Last edited by AintQik; Nov 21, 2013 at 08:28 PM.
But you are right - these accumulators won't have any effect on the TCC. Make sure the TCC valve moves smoothly - not stuck and not loose in its bore. Or just replace it with a Fitzall on/off valve.
Also remember the checkball in the case near the 4th accumulator. Use Vaseline to hold it in place.
Most of the 40 mins was at 50, right when I got to speed up it started acting wierd. We'll see, but the outlook is not good.I was sure damn happy for 40 minutes tho lol!
Performabuilt? They are close to me. Happy Christmas to me! LOL I'm active duty military and 2 months from retirement. I sold all my daily drivers and figured i can just drive the 98 until I find a job. Well, that didn't work out too well. Ah well, such is life.
By "new valve body" do you mean you overhauled it or is it a new/rebuilt unit?
If just the TCC is slipping, I would get a Fitzall valve for the TCC; it is only $15 and only requires removing the VB which you are an expert at now.
It can take the trans a good 15+ minutes (longer in the cold) to fully warm up at which point line pressure drops a bit due to the warmer oil. So it sounds like something is marginal, works with higher line pressure but not with normal line pressure.
Sound like a Finnigin Pin to me. With the new VB, it works much, much better/different. But it ultimately will slip when locked. I've got the PWM tuned out and the TCC hits on and off pretty hard and I don't really feel that when it "unlocks" now. So, I'm leaning on the TCC slipping. For whatever reason when I still command the TCC sol "off" it will grab and drop RPM.
Thanks for the advice. I'm going to keep plugging away.

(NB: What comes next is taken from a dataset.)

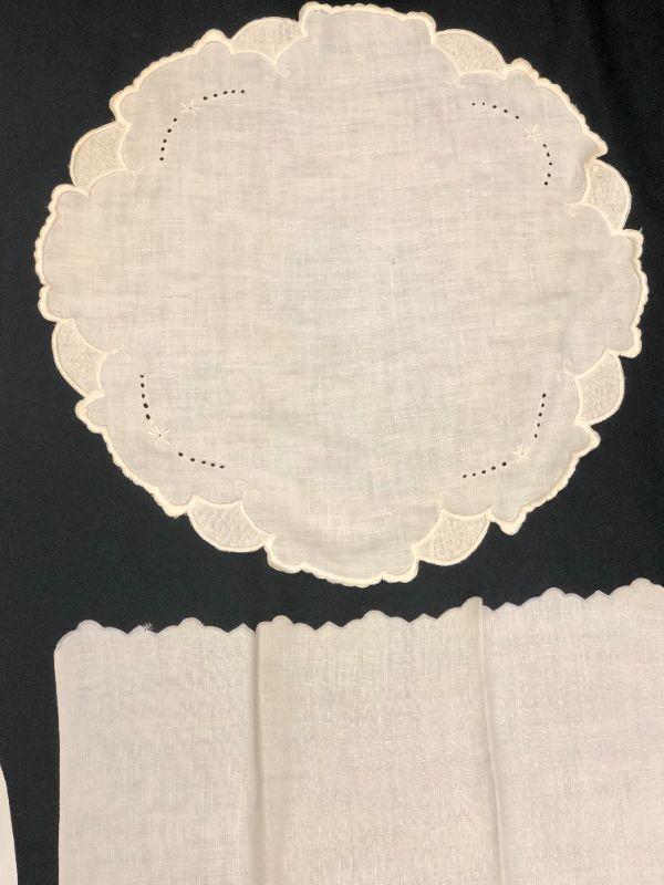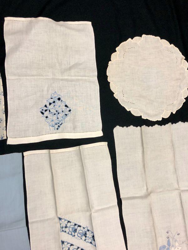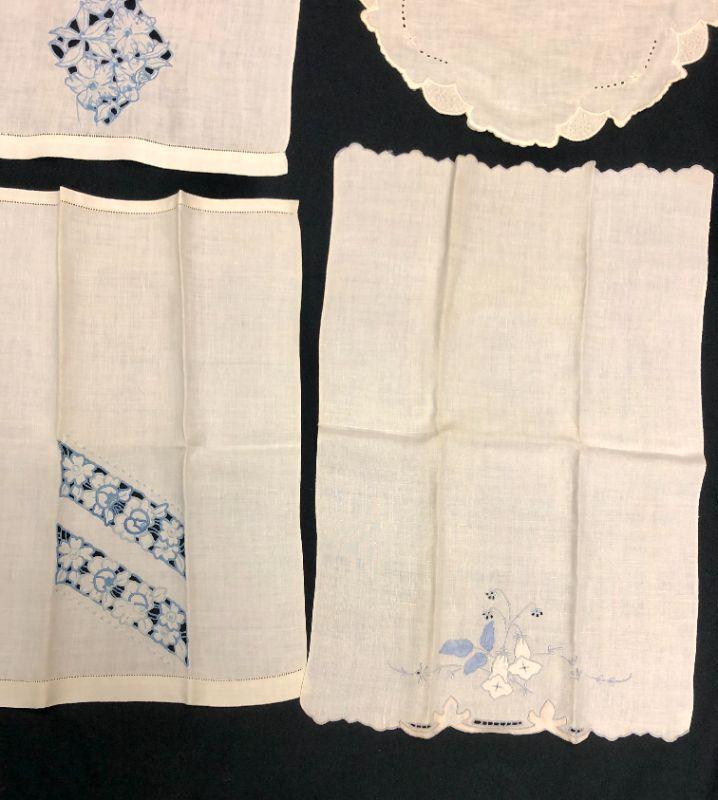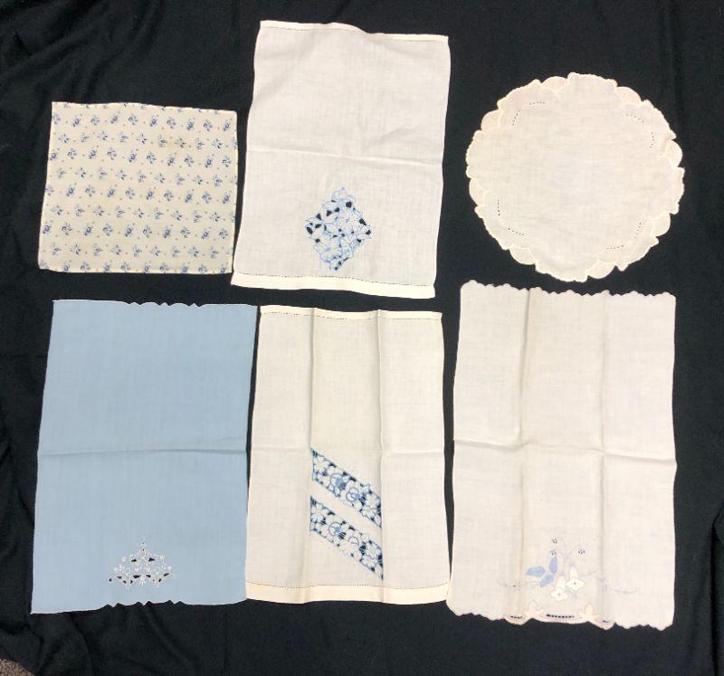 Lot of 6 embroidered items from top left to bottom right: 19”x13”, 22”x15”, 15” round doily, 12”x12”, 19”x13”, 20”x14”. Some light spots and discoloration from age/use. In fairly good condition otherwise.

But you say that the TCC on/off is still reversed? You command OFF and it turns on and drops RPM? Wow! Did you replace the main TCC solenoid, the long one that fits into the pump?
It can't be 4th slipping? It shifts reasonably well and I don't think shutting the tcc off would make it stop. Got to be pressure or the verter.
Oh and yes I put a new harness and TCC lockup noid in that was tested and good. Unless the computer is doing something that does not show up it the status bits, it's got to be pressure or the TCC. It will hold when cold and at lower rpm and speed.